Article Text
Abstract
Introduction Gotistobart (ONC-392/BNT316) is a humanized anti-CTLA-4 mAb that preserves CTLA-4 immune checkpoint activity by avoiding lysosomal degradation. The safety and clinical activity of gotistobart monotherapy in ovarian cancer was previously reported. We report safety and efficacy results of gotistobart+pembrolizumab in an ongoing randomized, open-label, multicenter phase 2 trial in patients with PROC.

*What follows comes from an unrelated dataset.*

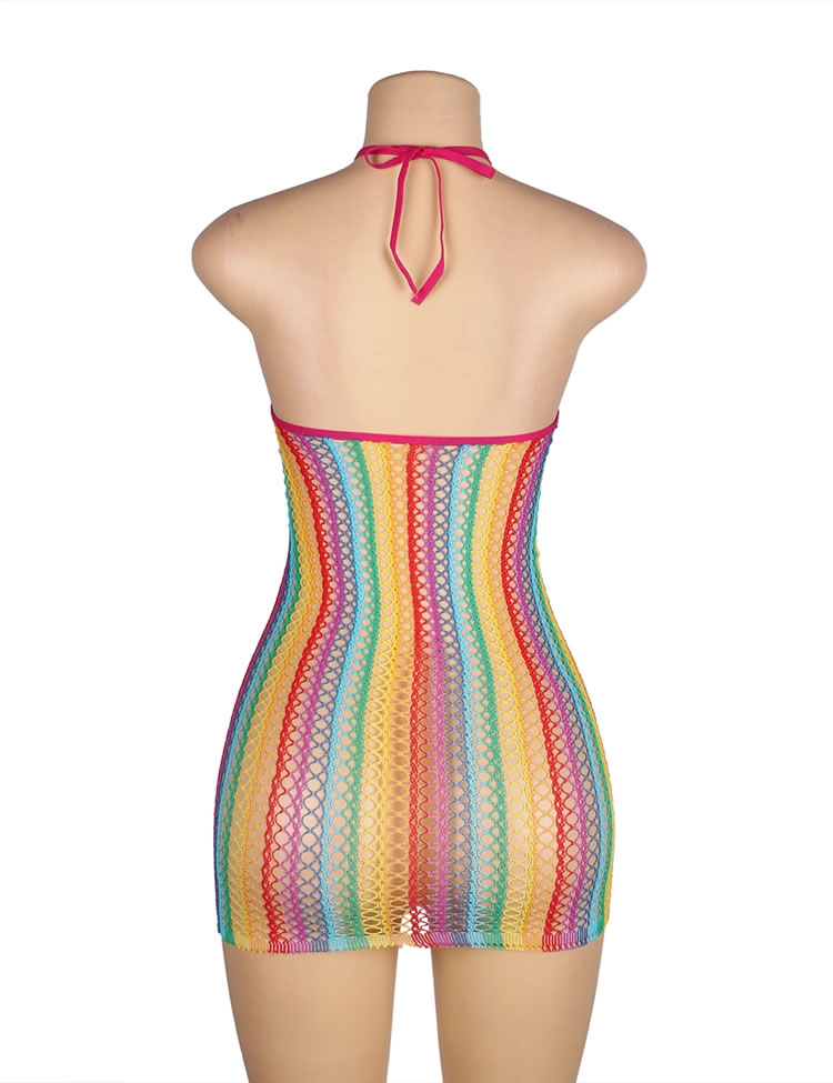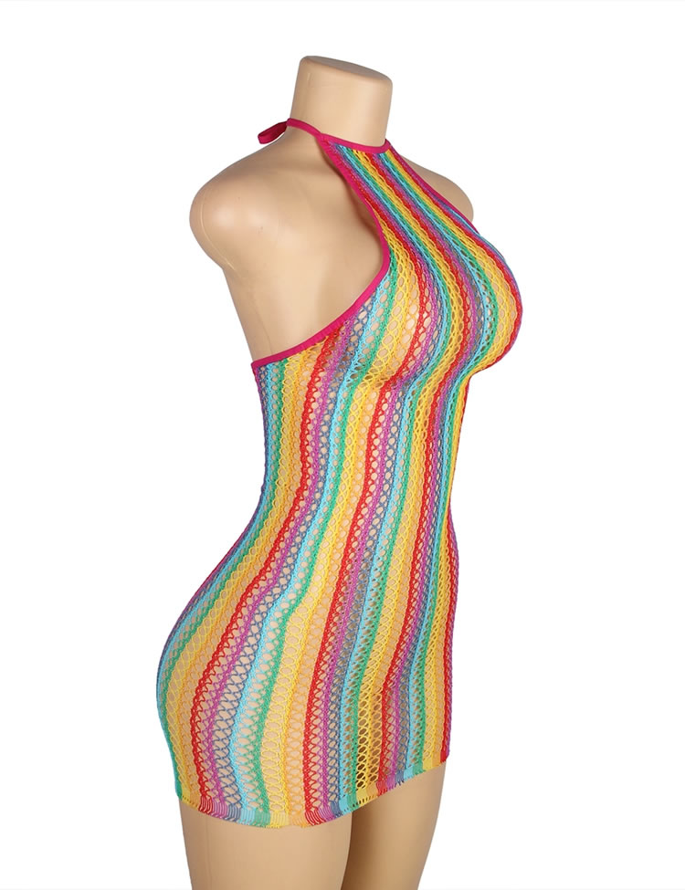 Sexy Rainbow Mesh Hollow Out Bodystocking Dress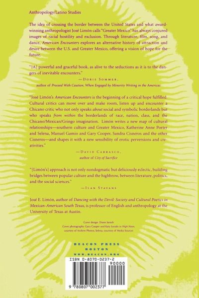 The idea of crossing the border between the United States and what award-winning anthropologist José Limón calls "Greater Mexico" has always conjured images of racial hostility and exclusion. Through literature, film, song, and dance, American Encounters explores an alternative history of attraction and desire between the U.S. and Greater Mexico, offering a vision of hope for the future.

Methods Patients with platinum-resistant high-grade serous OC, tubal or peritoneal cancer who previously received 1 line of platinum-based therapy and progressed between 3-6 months, or received ≥1 line and progressed within 6 months of last dose, were randomized 1:1 to receive different doses of gotistobart+pembrolizumab 200 mg, Q3W. Primary endpoints are ORR (RECIST 1.1) and safety. Secondary endpoints include PFS and OS.
Results As of May 24, 2024, 83 patients had received ≥1 dose of gotistobart+pembrolizumab with 33 and 29 patients in 1 mg/kg and 2 mg/kg gotistobart+pembrolizumab groups, respectively. At the safety and efficacy cutoff date of May 10, 2024, with a median follow-up of 2.1 months (range 0.1-9.2), grade≥3 treatment-related adverse events (TRAEs) were observed in 35.7% and 31.0% patients in 1 mg/kg or 2 mg/kg groups, respectively (table 1). No grade 5 TRAEs were observed. Common grade 3 TRAEs from combined groups were ALT increased (7.0%), AST increased (7.0%) and diarrhea (5.3%). Unconfirmed ORR was 31.8% (7/22; 95% CI 13.9-54.9) and 36.4% (8/22; 95% CI 17.2-59.3) in 1 mg/kg and 2 mg/kg groups, respectively (table 1).
Conclusion/Implications Early results show encouraging safety and clinical activity in PROC patients receiving gotistobart+pembrolizumab.